Duane Morris - which is ranked among the nation's 100 biggest law firms and is expected to pull in $290 million this year - wasn't obligated to install public art when it moved its headquarters to United Plaza this summer. To its credit, the firm volunteered to bring in the Lichtenstein at its own expense. But its motivation wasn't selfless. Chairman Sheldon M. Bonovitz said he felt the 1975 office building by architect Welton Beckett needed some "panache. " With the help of the Philadelphia Museum of Art, Bonovitz arranged to lease Brushstroke Group, 96 from the Roy Lichtenstein Foundation for five years.

The firm clearly wanted the civic glow that comes with being a patron of the arts. But it wasn't civic-minded enough to share the full experience with the public.

Bonovitz doesn't even pretend that security was the motivation for taking over the plaza. The plaza was closed to pedestrians, he explained, so Duane Morris could hold private parties there. Let the brown-baggers eat elsewhere.

The firm was aided and abetted in this atrocity by its architect. Every element in BLT's design for the privatized plaza is aesthetically wrong. The metal fencing varies in height for no apparent reason. The Ranstead Street baffling is obtrusive and blinds pedestrians with reflected sunlight. The planted area around the 29-foot-high artwork is too big. The light fixtures at the sculpture's base pop out of the ground like mutant mushrooms.

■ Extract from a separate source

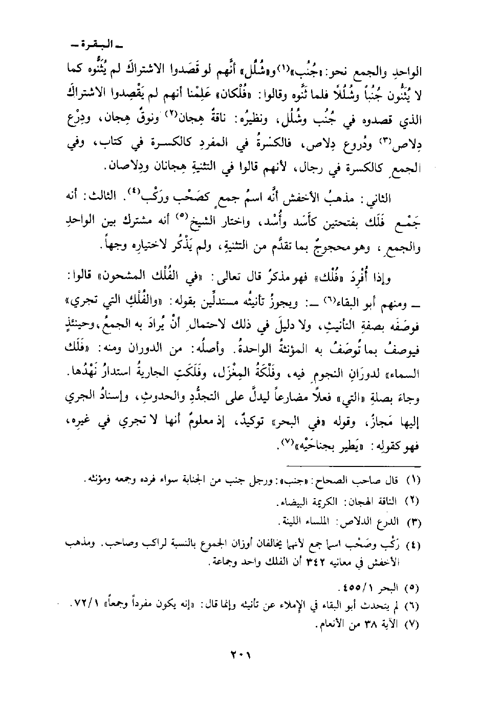 الواحدِ والجمع نحو: «جُنُب» و «شُلُل» أنَّهم لو قَصَدوا الاشتراكَ لم يُثَنُّوه كما لا يُثَنُّون جُنُباً وشُلُلاً فلما ثَنَّوه وقالوا: «فُلْكان» عَلِمْنا أنهم لم يَقْصِدوا الاشتراكَ الذي قصدوه في جُنُب وشُلُل ونظيرُه: ناقةٌ هِجان ونوقٌ هِجان، ودِرْع دِلاص ودُروع دِلاص، فالكسَرةُ في المفردِ كالكسرة في كتاب، وفي الجمعِ كالكسرة في رجال، لأنهم قالوا في التثنيةِ هِجانان ودِلاصان.
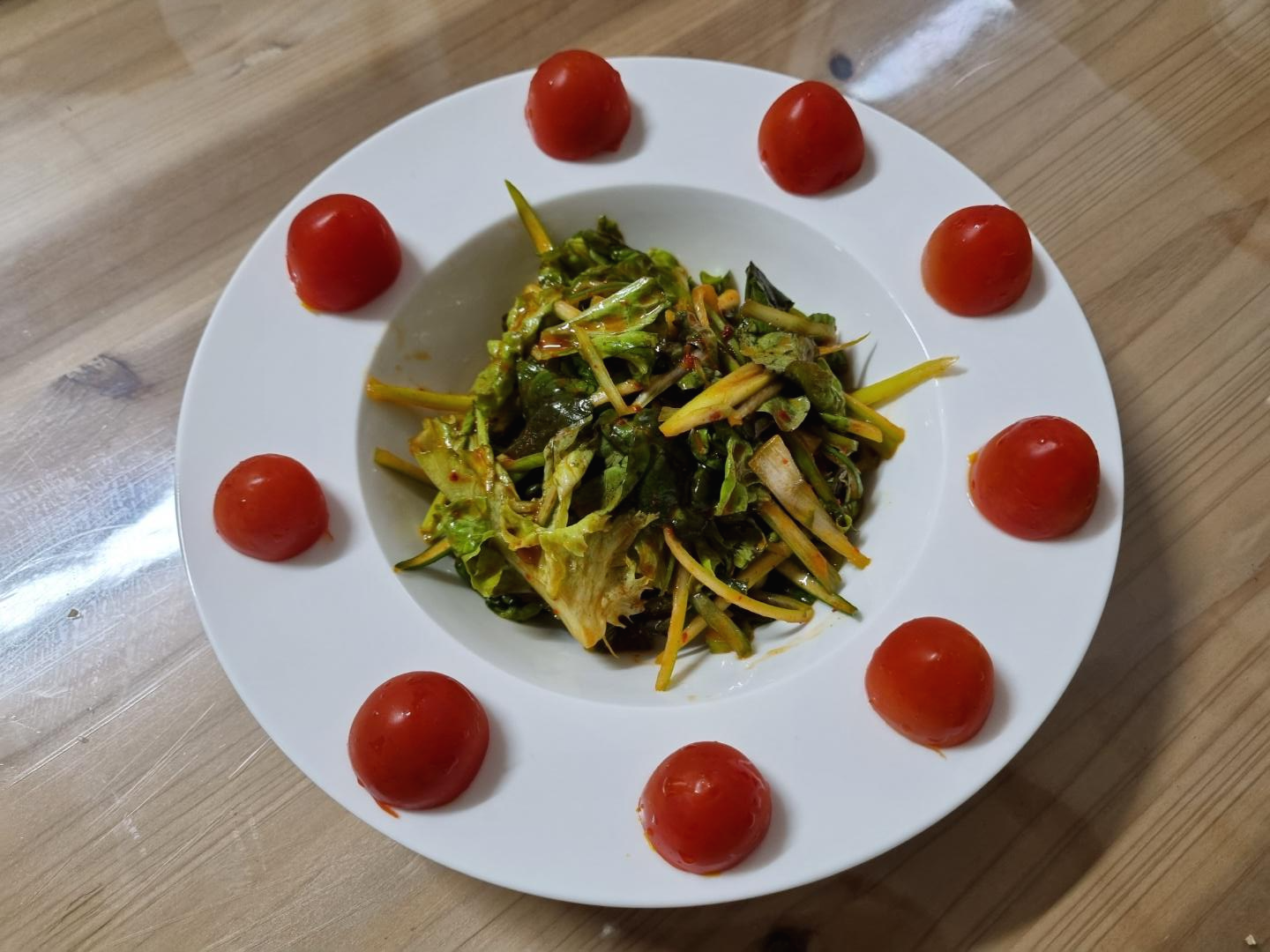아차차!!! 깻잎도 있는데. 같이 버무릴걸~ 그냥 위에 살짝 올려봐요^^ 깻잎이 미니미니 하네요. 삼겹살의 느끼함을 달래줄 상추, 파절이예요. 새콤, 달콤 맛있죠^^ 마무리는 방울토마토로 끝내요.

It's not the first time that BLT has helped to muck up a high-traffic pedestrian space. The firm is also responsible for the two clunky SEPTA headhouses in the Penn Center plaza, between 15th and 16th Streets. The crude metal struts supporting the glass headhouses look as if they were designed with a welding torch.

Bonovitz, an avid art collector who serves on the boards of the Philadelphia Museum of Art and the Barnes Foundation, concedes that the Lichtenstein fortification is less elegant than he hoped. He said BLT is redesigning the fence to make it uniform in height and also wants to camouflage the baffles with vines. Where those vines will take root, however, is anyone's guess, since the baffles are bolted onto concrete.

Softening the baffles won't do much for the unfortunate Ranstead Street merchants - a jeweler, vitamin store, pizza parlor and shoe repairer. Jay Hong, owner of Ranstead Shoe Repair, complained that his shoe-shine customers now look out on the metal barrier instead of a lively plaza. "It looks like a jail," he said.

Even worse, the retailers could lose business because they will be less visible to passersby. That hardly seems fair.

"It's our property, so it's fair," Bonovitz retorted when asked about the impact on the merchants. Thanks to Duane Morris , we may be able to watch another of Philadelphia's old, narrow streets be reduced to back-alley status.

The law firm has already decreased the area's retail mix by one store. The tower's ground floor once housed the Workbench furniture chain, but it was converted to the firm's cafeteria. Like the plaza, the restaurant isn't open to the public.

For Bonovitz, who specializes in collecting painting by self-taught outsider artists, being able to lease a Lichtenstein sculpture is a big coup. Unfortunately, it has reduced the rest of us to permanent outsiders.